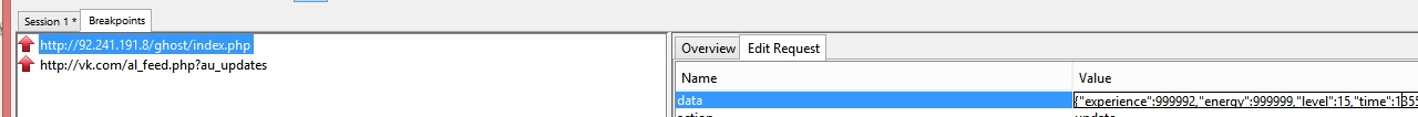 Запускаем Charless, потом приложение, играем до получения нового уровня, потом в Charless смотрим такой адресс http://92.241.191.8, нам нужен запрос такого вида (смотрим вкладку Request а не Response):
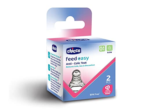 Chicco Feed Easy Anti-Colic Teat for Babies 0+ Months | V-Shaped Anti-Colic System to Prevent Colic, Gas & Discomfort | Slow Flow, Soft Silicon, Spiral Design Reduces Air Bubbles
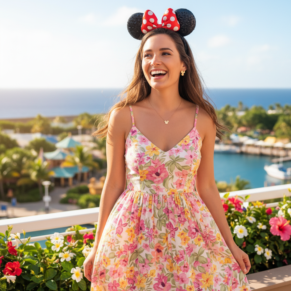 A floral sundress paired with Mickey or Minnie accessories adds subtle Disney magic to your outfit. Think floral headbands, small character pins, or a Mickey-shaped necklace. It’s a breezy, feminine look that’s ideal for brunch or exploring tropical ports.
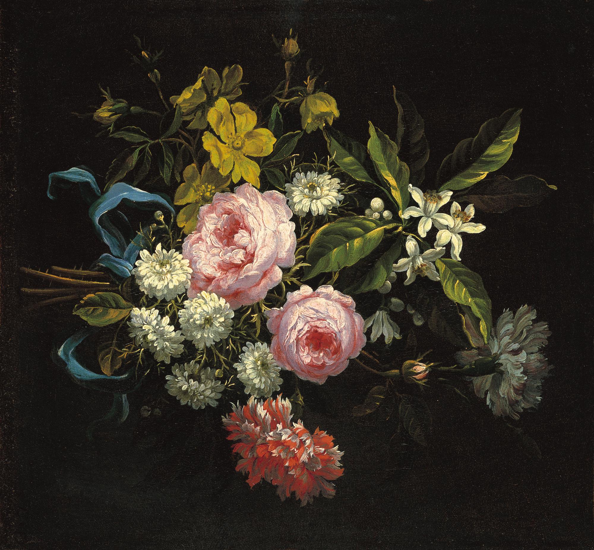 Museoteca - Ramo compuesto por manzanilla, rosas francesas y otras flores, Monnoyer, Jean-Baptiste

-- ASSIGNED TASK --
Retype the listing verbatim, minus every image.

-- YOUR RESPONSE --
 Запускаем Charless, потом приложение, играем до получения нового уровня, потом в Charless смотрим такой адресс http://92.241.191.8, нам нужен запрос такого вида (смотрим вкладку Request а не Response):
 Chicco Feed Easy Anti-Colic Teat for Babies 0+ Months | V-Shaped Anti-Colic System to Prevent Colic, Gas & Discomfort | Slow Flow, Soft Silicon, Spiral Design Reduces Air Bubbles
 A floral sundress paired with Mickey or Minnie accessories adds subtle Disney magic to your outfit. Think floral headbands, small character pins, or a Mickey-shaped necklace. It’s a breezy, feminine look that’s ideal for brunch or exploring tropical ports.
 Museoteca - Ramo compuesto por manzanilla, rosas francesas y otras flores, Monnoyer, Jean-Baptiste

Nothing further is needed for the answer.